- Opening Delimiter -
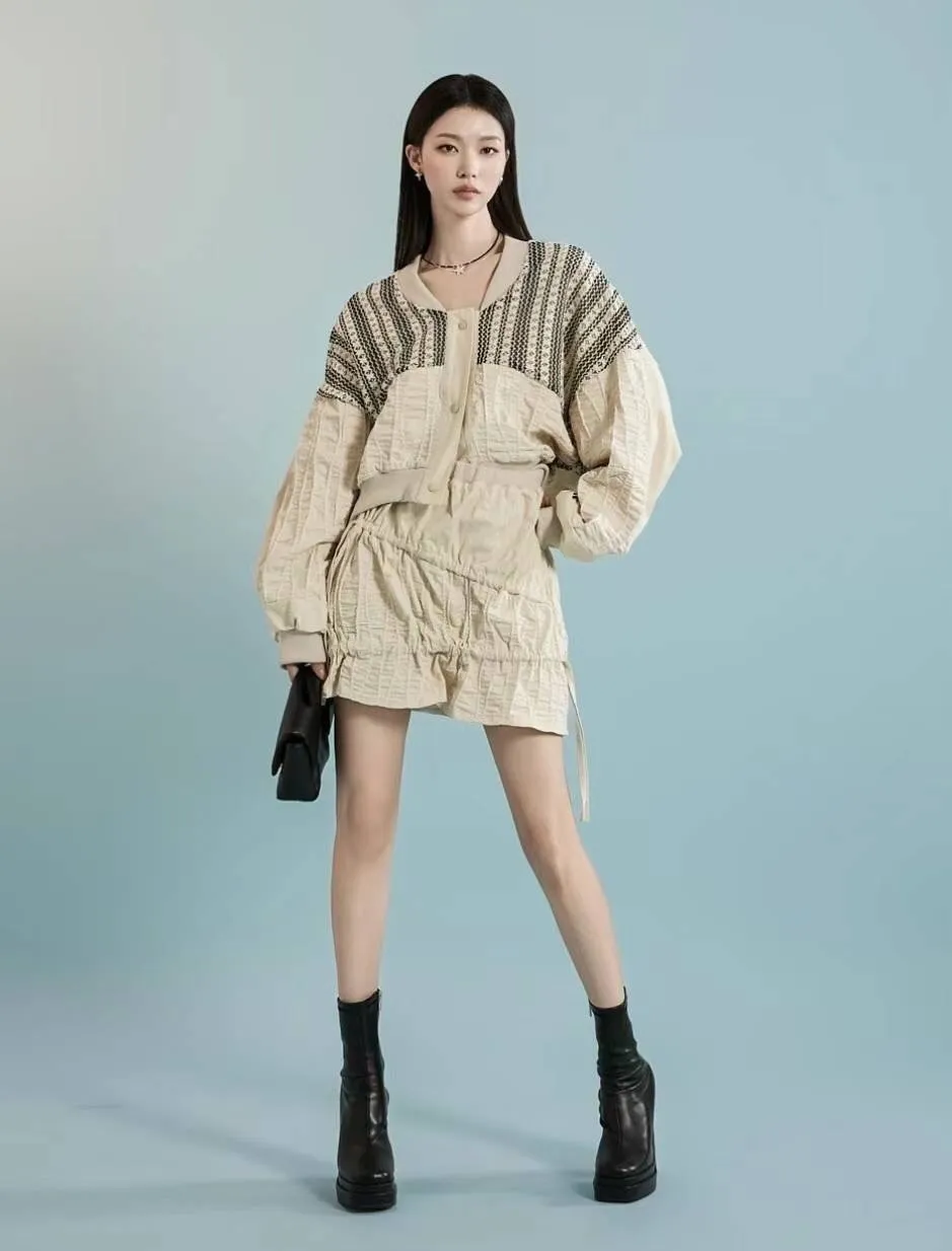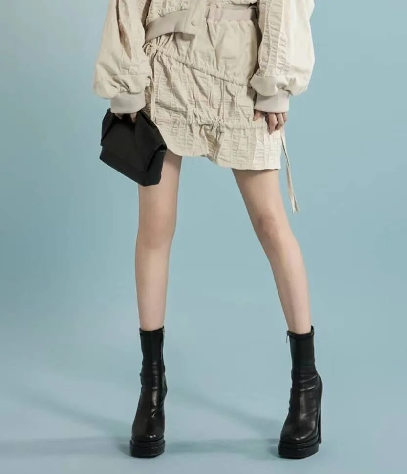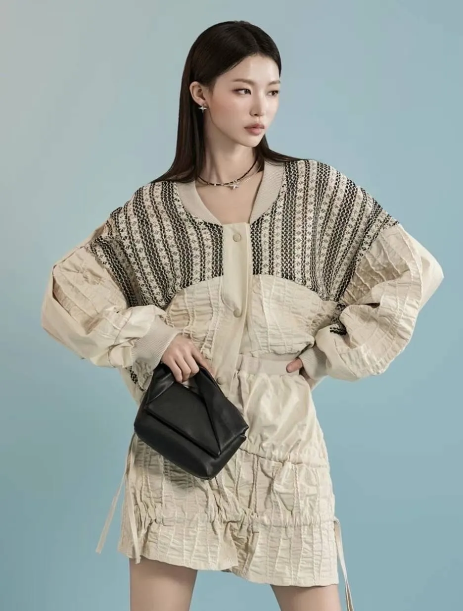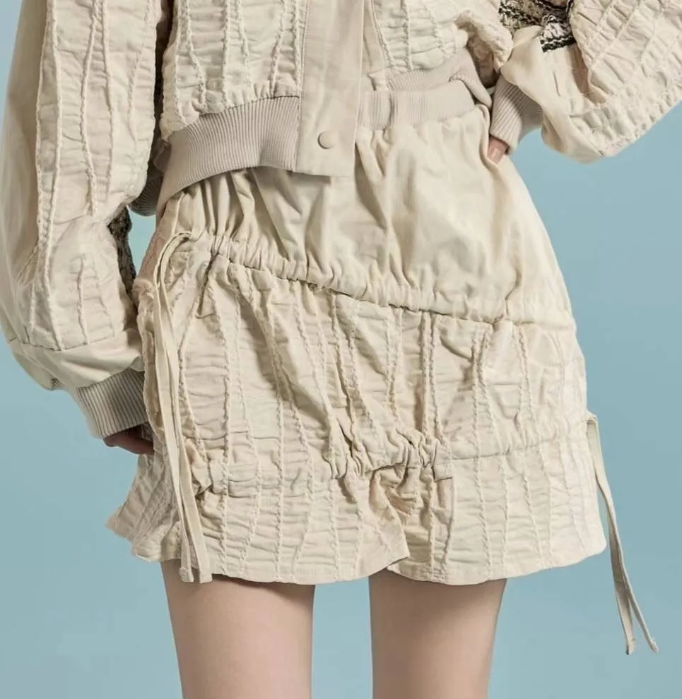 棉+聚酯 腰寬有彈性 臀寬沒彈性 測綁帶 立體不規則面料 滑料內裡
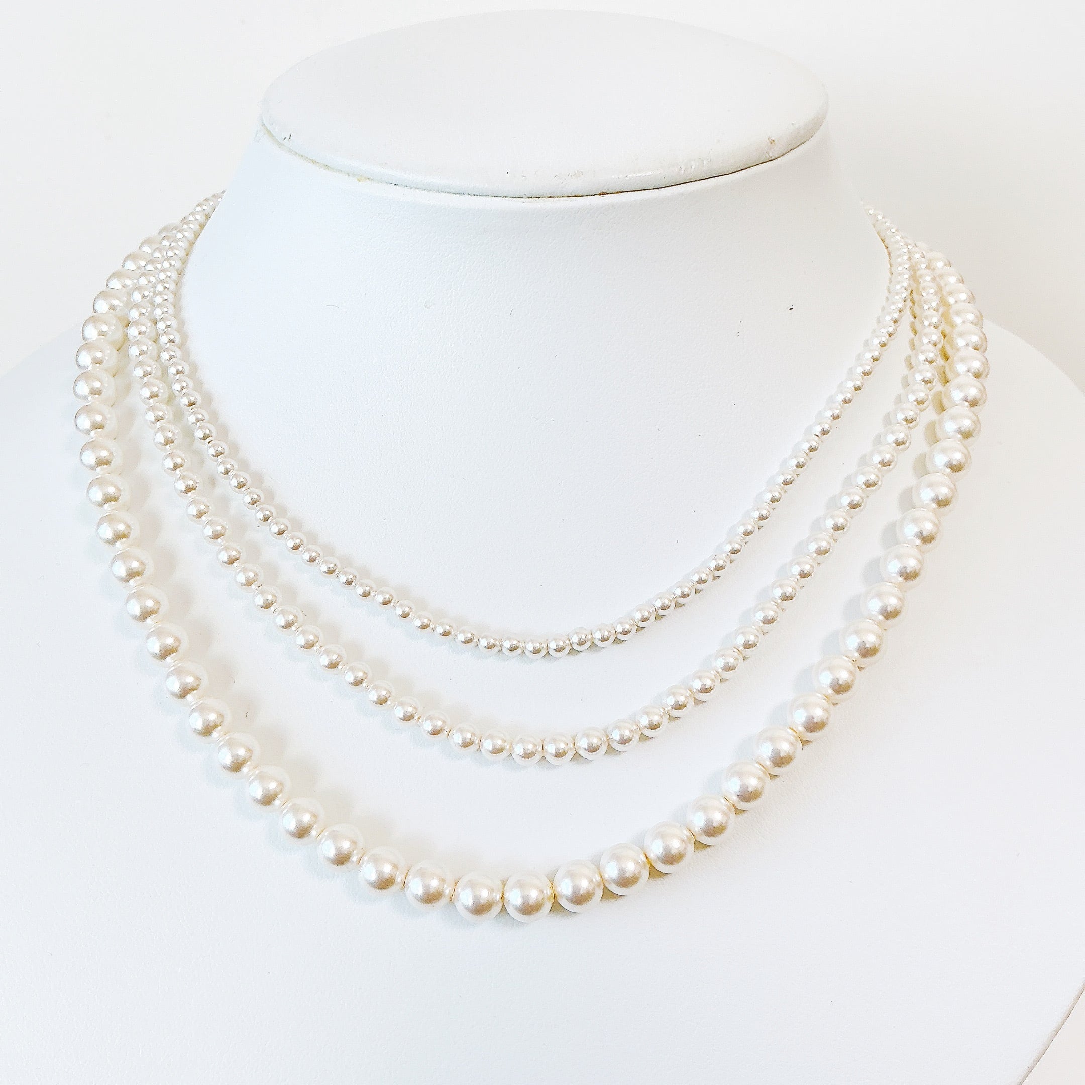 三連パールネックレスは、 timeless elegance を感じさせる素敵なアイテムです。
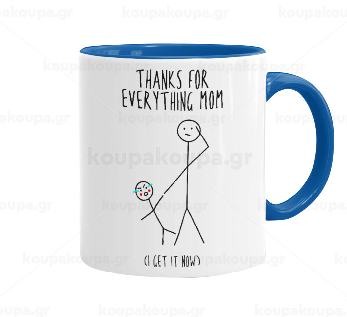 Thanks for everything mom, Κούπα χρωματιστή μπλε, κεραμική, 330ml
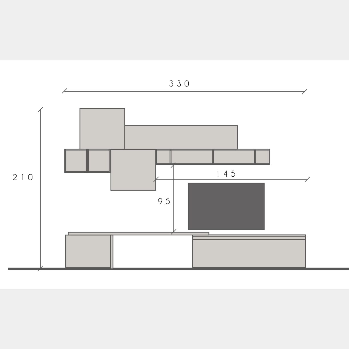 Misure totali: L.330 H.210 P.40
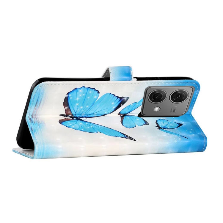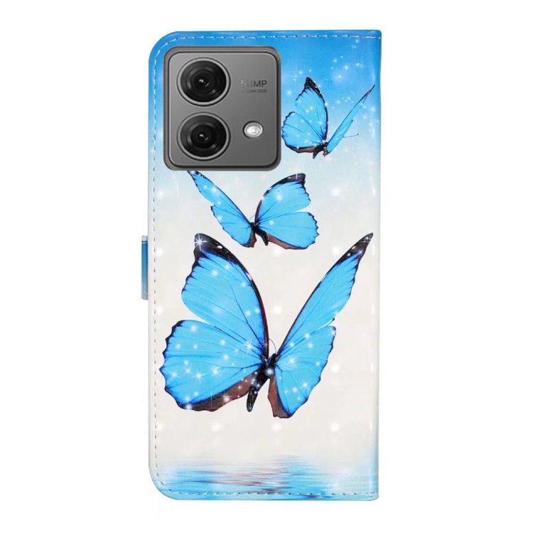 Funda de Cuero para Motorola Moto G84 5G con Dibujo 3D en Relieve al Óleo (3 Mariposas)
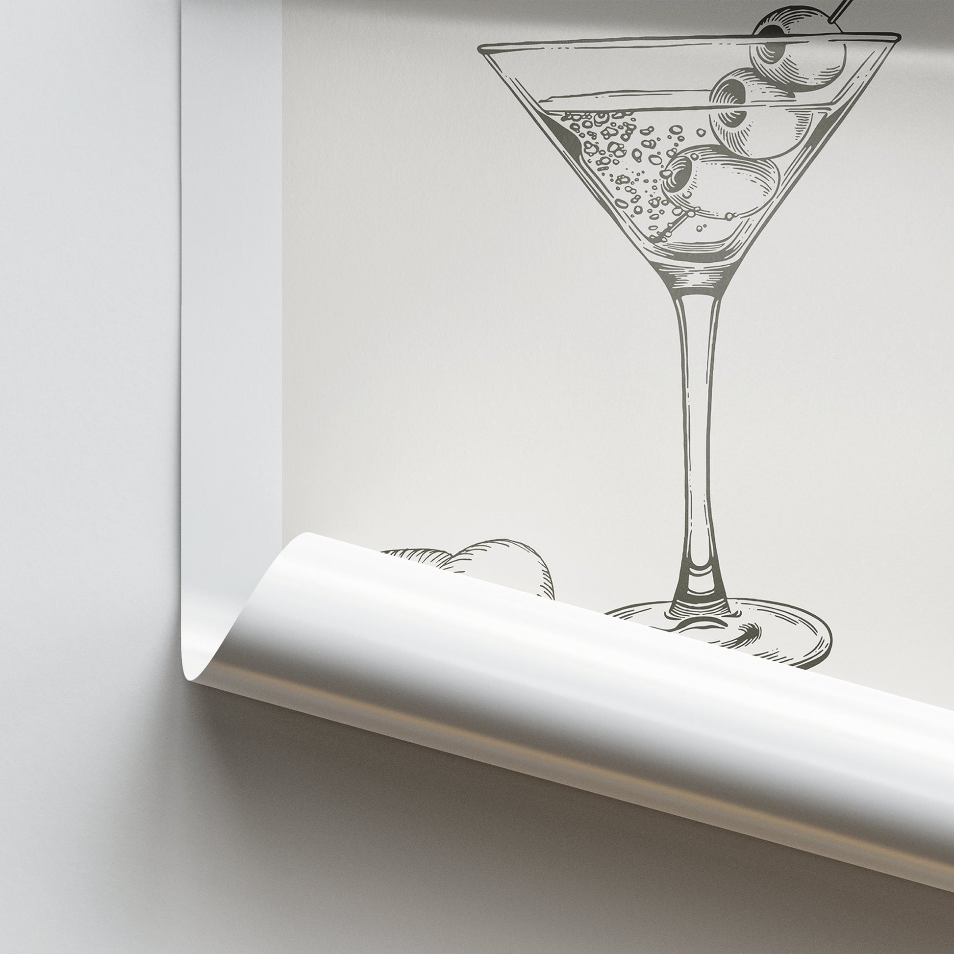 Discover sophistication with the Illustrated Martini Cocktail Poster, depicting the essence of the classic cocktail with intricate precision. This premium poster highlights the craftsmanship involved in Martini-making, making it a timeless decor piece for cocktail lovers and bartenders.
- Closing Delimiter -
» The task: Take the line with "Funda de Cuero" and each line after it through the end of the material above, and reproduce them exactly, both ends included, without pictures.

» Result:
 Funda de Cuero para Motorola Moto G84 5G con Dibujo 3D en Relieve al Óleo (3 Mariposas)
 Discover sophistication with the Illustrated Martini Cocktail Poster, depicting the essence of the classic cocktail with intricate precision. This premium poster highlights the craftsmanship involved in Martini-making, making it a timeless decor piece for cocktail lovers and bartenders.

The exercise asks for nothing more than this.